Quiz（貪心，快速冪乘）

C. Quiz

time limit per test

1 second

memory limit per test

256 megabytes

input

standard input

output

standard output

Manao is taking part in a quiz. The quiz consists of n consecutive questions. A correct answer gives one point to the player. The game also has a counter of consecutive correct answers. When the player answers a question correctly, the number on this counter increases by 1. If the player answers a question incorrectly, the counter is reset, that is, the number on it reduces to 0. If after an answer the counter reaches the number k, then it is reset, and the player's score is doubled. Note that in this case, first 1 point is added to the player's score, and then the total score is doubled. At the beginning of the game, both the player's score and the counter of consecutive correct answers are set to zero.
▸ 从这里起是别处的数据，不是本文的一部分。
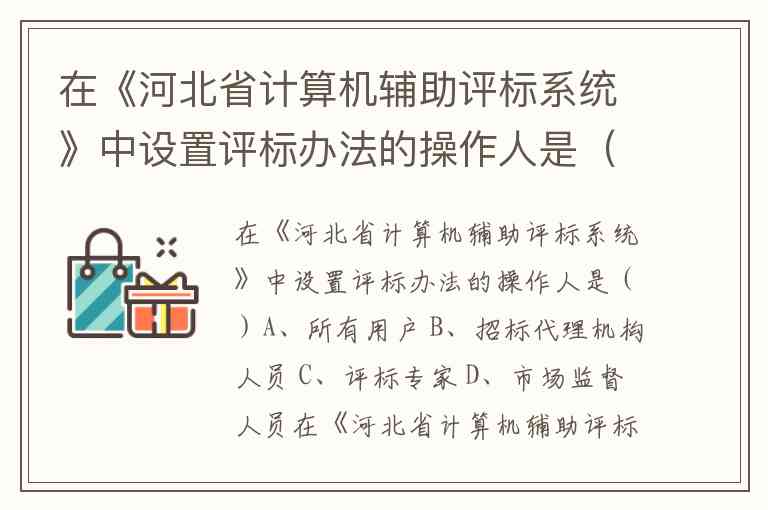 在《河北省计算机辅助评标系统》中设置评标办法的操作人是()A、所有用户 B、招标代理机构人员 C、评标专家 D、市场监督人员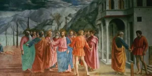 La scena più famosa e più studiata è quella del Tributo con San Pietro che per ordine di Cristo paga il tributo al gabelliere pescando una moneta dalla bocca di un pesce. Masaccio rappresenta tre momenti diversi della storia nello stesso affresco con Cristo al centro circondato dagli apostoli Pietro che pesca la moneta a sinistra e Pietro che paga il tributo a destra. Le figure sono monumentali, solide, piantate per terra con un peso fisico che nessun pittore prima era riuscito a rappresentare.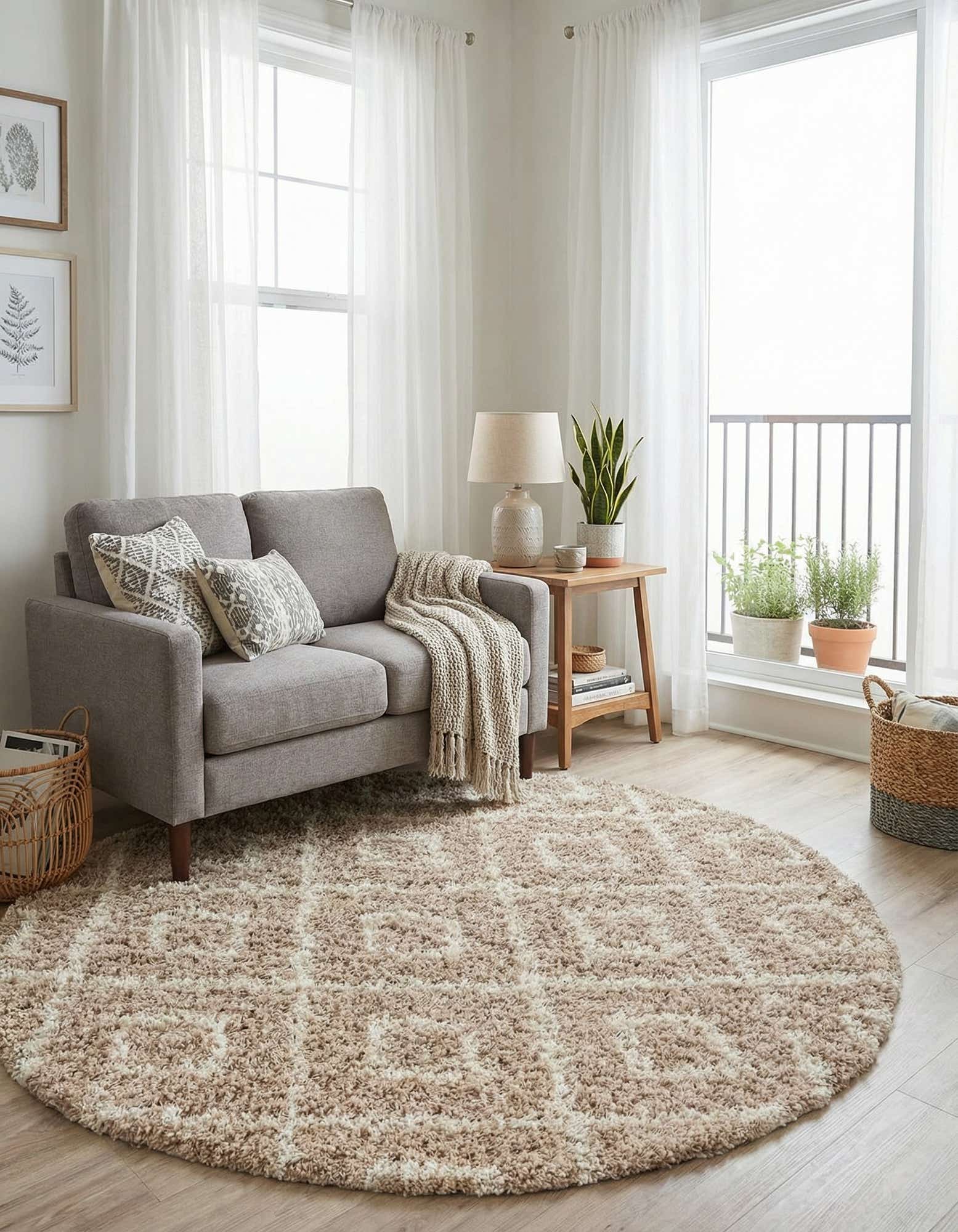 Pair this round rug with natural wood furniture and linen upholstery for a modern farmhouse or transitional living room, or place it beneath a cozy reading chair to create a defined nook with tactile comfort. Its neutral palette also complements Scandinavian and casual coastal schemes—use it to warm a bedroom bedside, anchor a small breakfast nook, or soften a home office seating area.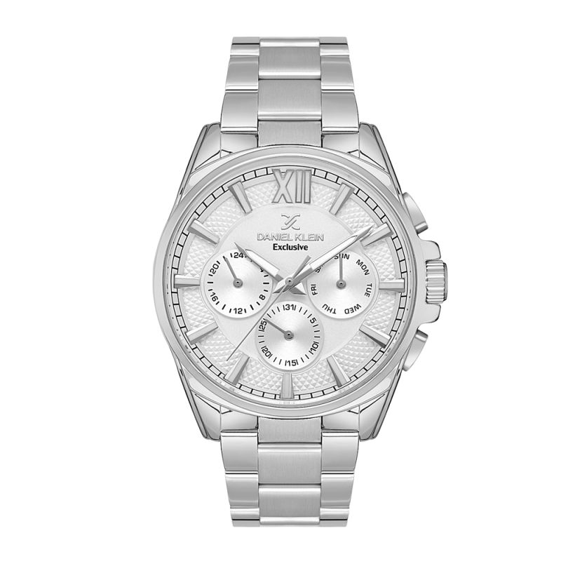 Мъжки часовник Daniel Klein от колекцията Exclusive. Моделът е със сребрист мултифункционален дисплей и стъкло минерал-кристал. Метален корпус, съчетан с верижка от неръждаема стомана. Часовникът се задвижва от кварцов механизъм. Водоустойчивост 5 ATM - допускат се леки пръски и взимане на душ, не се препоръчва обилно мокрене.

Manao remembers that he has answered exactly m questions correctly. But he does not remember the order in which the questions came. He's trying to figure out what his minimum score may be. Help him and compute the remainder of the corresponding number after division by 1000000009 (109 + 9).

Input

The single line contains three space-separated integers n, m and k (2 ≤ k ≤ n ≤ 109; 0 ≤ m ≤ n).

Output

Print a single integer — the remainder from division of Manao's minimum possible score in the quiz by1000000009 (109 + 9).

錯誤題數爲n-m，能夠n-m次在連續答對（k-1）道題時使下一道答錯，共(n-m) * [(k-1) + 1] = （n-m）* k道題。

假設有x次連續答對k題，則有x * k + （n-m）* k + r = n，這裏0 <= r < k，是餘下的湊不成k道題目的題目數。得x = n / k - (n - m). 注意這裏「/」是C++中向下取整的除法。

AC Code：

#include <iostream>
#include <algorithm>
#include <cstdio>

using namespace std;

const long long M = 1000000009;

long long POW(long long y)
{
    if(y == 0) return 1;
    long long res = POW(y >> 1);
    res = (res * res) % M;
    if(y & 1) res = (res << 1) % M;
    return res;
}

int main()
{
    long long n, m, k, s;
    while(scanf("%I64d %I64d %I64d", &n, &m, &k) != EOF){
        long long a = n / k;
        long long b = n - m;
        if(b >= a){
            s = m;
        }
        else{
            //a-b次連續答對k題，b次連續答對題數不足k
            long long r = POW(a - b + 1) - 2;
            if(r < 0) r += M;  //注意這裏！
            s = (k * r) % M;
            s = (s + (m - (a - b) * k) % M) % M;
        }
        printf("%I64d\n", s);
    }
    return 0;
}